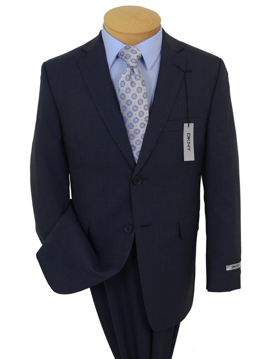 DKNY 19423 100% Wool Boy's Suit - Mini Check - Blue
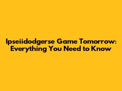 Ipseiidodgerse Game Tomorrow: Everything You Need To Know
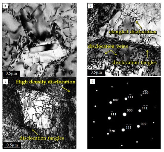 Small precipitates are observable at the central part of the micrograph. Additionally, small-angle dislocation grain sub-boundaries are visible in the micrograph. A similar distribution of dislocation is observed in Figure 12b. However, as follows from the difference in contrast, the up and down grains visible in the micrograph are divided by the high angle boundaries. Figure 12b,c shows that some simple dislocation patterns, such as dislocation veins and tangles, can still be found in the grain and at the grain boundary. Similar observations of the dislocation microstructure were reported by authors [34]. The micrograph depicted in Figure 12c shows a distorted region with a high dislocation density accumulated in the sub-grain boundary. It can be seen that, despite a high dislocation density, there is no sign of distortion in the selected diffraction pattern SAD photo, Figure 12d.
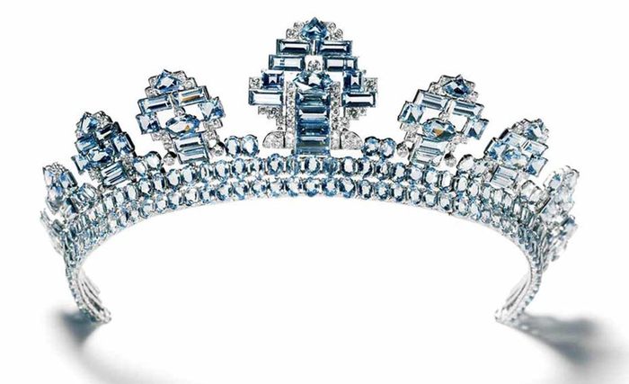 Аквамарины также часто использовались в тиарах, включая аквамариновую и бриллиантовую тиару от Cartier (внизу), которая была одной из 27 тиары, созданных ювелиром для коронации Георга VI в 1937 году. Изготовленная из платины тиара украшена аквамаринами, а также круглыми бриллиантами. Неудивительно, что аквамарин продолжает вдохновлять ювелиров на создание необычных украшений.

* **WHAT YOU NEED TO DO**
I would like the material above returned exactly as it stands, without its pictures.

* **OUTPUT**
 DKNY 19423 100% Wool Boy's Suit - Mini Check - Blue
 Ipseiidodgerse Game Tomorrow: Everything You Need To Know
 Small precipitates are observable at the central part of the micrograph. Additionally, small-angle dislocation grain sub-boundaries are visible in the micrograph. A similar distribution of dislocation is observed in Figure 12b. However, as follows from the difference in contrast, the up and down grains visible in the micrograph are divided by the high angle boundaries. Figure 12b,c shows that some simple dislocation patterns, such as dislocation veins and tangles, can still be found in the grain and at the grain boundary. Similar observations of the dislocation microstructure were reported by authors [34]. The micrograph depicted in Figure 12c shows a distorted region with a high dislocation density accumulated in the sub-grain boundary. It can be seen that, despite a high dislocation density, there is no sign of distortion in the selected diffraction pattern SAD photo, Figure 12d.
 Аквамарины также часто использовались в тиарах, включая аквамариновую и бриллиантовую тиару от Cartier (внизу), которая была одной из 27 тиары, созданных ювелиром для коронации Георга VI в 1937 году. Изготовленная из платины тиара украшена аквамаринами, а также круглыми бриллиантами. Неудивительно, что аквамарин продолжает вдохновлять ювелиров на создание необычных украшений.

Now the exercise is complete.